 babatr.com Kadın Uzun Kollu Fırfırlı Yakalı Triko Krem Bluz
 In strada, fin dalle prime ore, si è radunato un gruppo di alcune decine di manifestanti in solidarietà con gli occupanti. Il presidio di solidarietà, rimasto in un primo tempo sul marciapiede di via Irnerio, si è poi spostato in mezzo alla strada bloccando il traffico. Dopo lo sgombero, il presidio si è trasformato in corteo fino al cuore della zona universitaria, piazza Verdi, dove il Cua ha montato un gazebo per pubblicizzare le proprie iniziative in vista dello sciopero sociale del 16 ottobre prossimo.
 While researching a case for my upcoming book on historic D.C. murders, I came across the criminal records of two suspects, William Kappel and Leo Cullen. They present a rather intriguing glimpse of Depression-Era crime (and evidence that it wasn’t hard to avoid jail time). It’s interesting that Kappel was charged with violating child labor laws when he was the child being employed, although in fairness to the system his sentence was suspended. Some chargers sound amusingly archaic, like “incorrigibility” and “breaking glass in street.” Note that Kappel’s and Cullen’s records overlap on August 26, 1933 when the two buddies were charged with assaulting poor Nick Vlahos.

***

## What needs to be done:
Return all of the data precisely as it appears.

## Result for this task:
 babatr.com Kadın Uzun Kollu Fırfırlı Yakalı Triko Krem Bluz
 In strada, fin dalle prime ore, si è radunato un gruppo di alcune decine di manifestanti in solidarietà con gli occupanti. Il presidio di solidarietà, rimasto in un primo tempo sul marciapiede di via Irnerio, si è poi spostato in mezzo alla strada bloccando il traffico. Dopo lo sgombero, il presidio si è trasformato in corteo fino al cuore della zona universitaria, piazza Verdi, dove il Cua ha montato un gazebo per pubblicizzare le proprie iniziative in vista dello sciopero sociale del 16 ottobre prossimo.
 While researching a case for my upcoming book on historic D.C. murders, I came across the criminal records of two suspects, William Kappel and Leo Cullen. They present a rather intriguing glimpse of Depression-Era crime (and evidence that it wasn’t hard to avoid jail time). It’s interesting that Kappel was charged with violating child labor laws when he was the child being employed, although in fairness to the system his sentence was suspended. Some chargers sound amusingly archaic, like “incorrigibility” and “breaking glass in street.” Note that Kappel’s and Cullen’s records overlap on August 26, 1933 when the two buddies were charged with assaulting poor Nick Vlahos.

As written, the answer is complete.